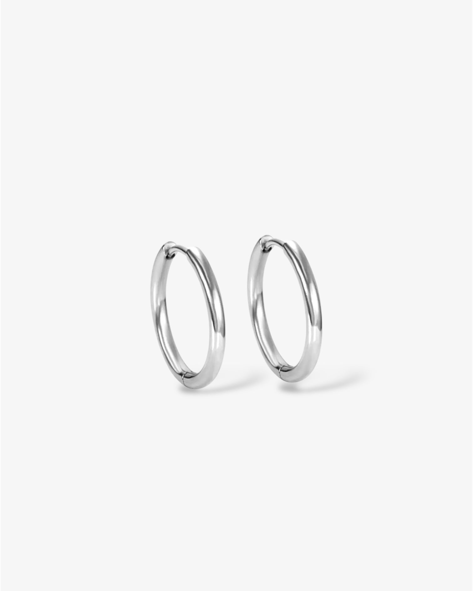 Refined, effortless, and endlessly wearable, Gretchen is an essential silver hoop for any modern wardrobe. Its clean, polished silhouette brings understated sophistication to any look—perfect for everyday wear.
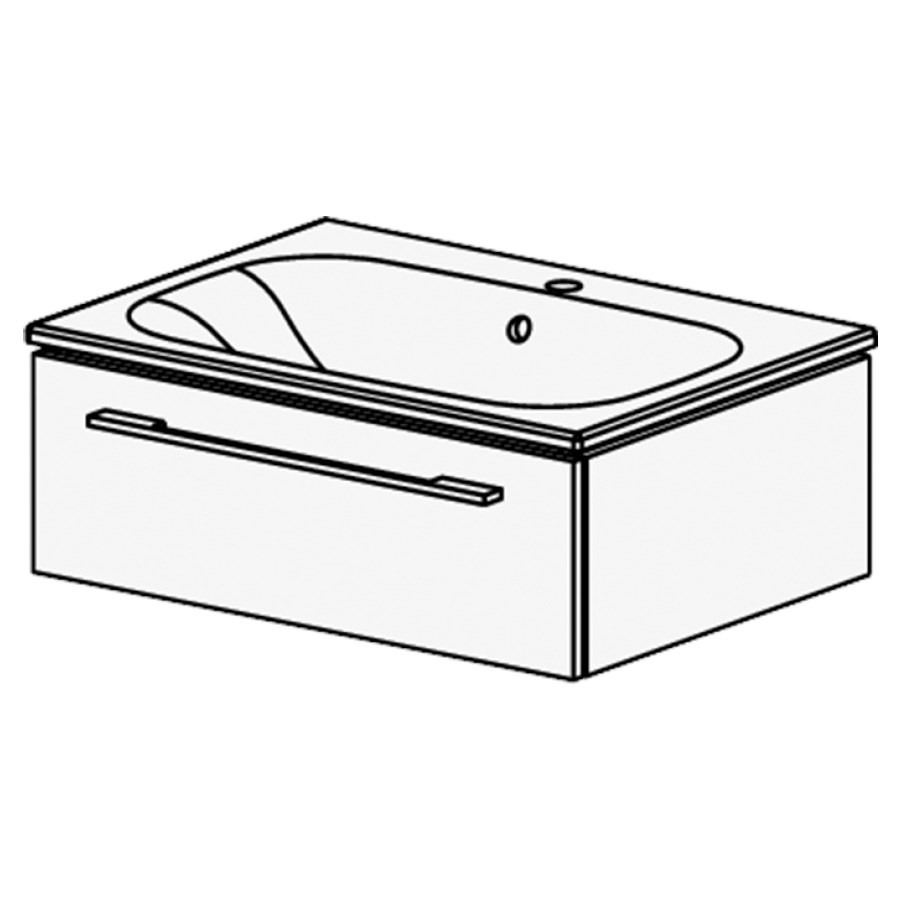 71 cm, B: 71 / H: 26.3 / T: 51 cm, Keramikwaschtisch weiss, mit Überlauf, mit 1 Becken, 1 Schublade, Griff gemäss Palette, Fronten/Sichtseiten Modern,
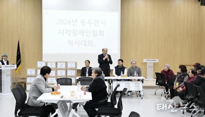 태산뉴스 이동욱 기자 | 동두천시는 (사)한국시각장애인연합회 동두천시지회가 회원 간의 화합과 친목을 도모하기 위해 지난 5일 동두천시 장애인회관 3층 대강당에서 ‘2026년 척사대회’를 개최했다고 밝혔다.
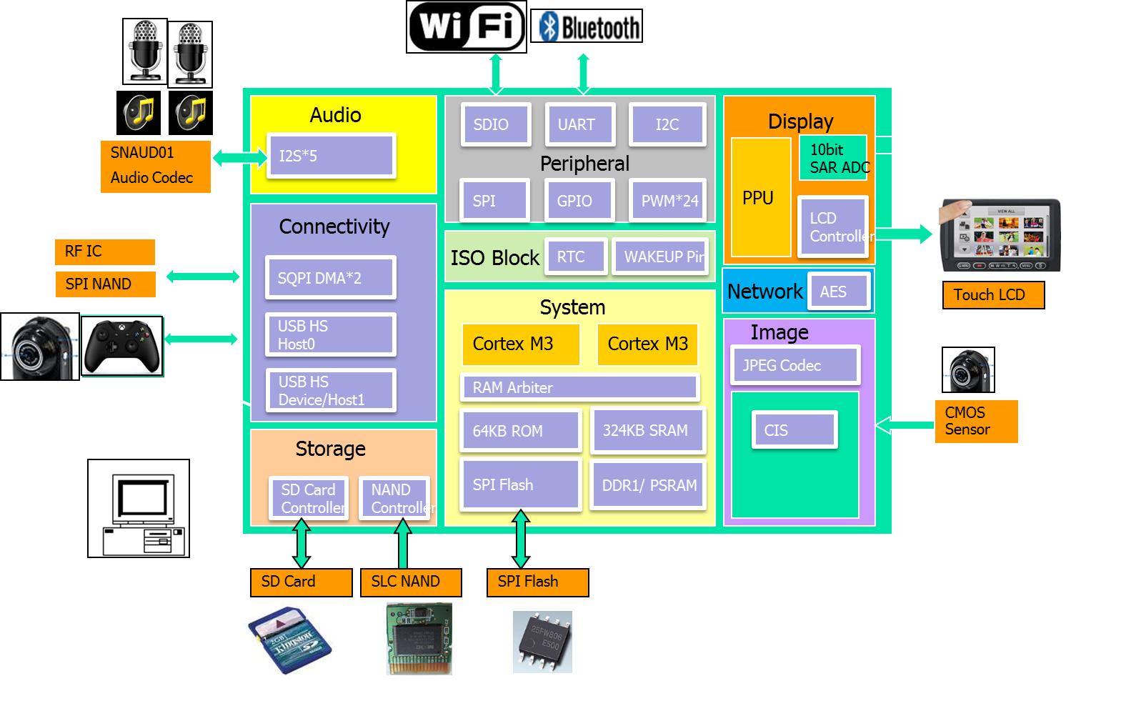 Furthermore, the SNC7320 Series provides two I2S controllers for external audio device connections.

• Task: "71 cm, B: 71" marks the first line to be returned; return exactly that line and every line after it through the last line of the listing, omitting pictures.

• Solution:
 71 cm, B: 71 / H: 26.3 / T: 51 cm, Keramikwaschtisch weiss, mit Überlauf, mit 1 Becken, 1 Schublade, Griff gemäss Palette, Fronten/Sichtseiten Modern,
 태산뉴스 이동욱 기자 | 동두천시는 (사)한국시각장애인연합회 동두천시지회가 회원 간의 화합과 친목을 도모하기 위해 지난 5일 동두천시 장애인회관 3층 대강당에서 ‘2026년 척사대회’를 개최했다고 밝혔다.
 Furthermore, the SNC7320 Series provides two I2S controllers for external audio device connections.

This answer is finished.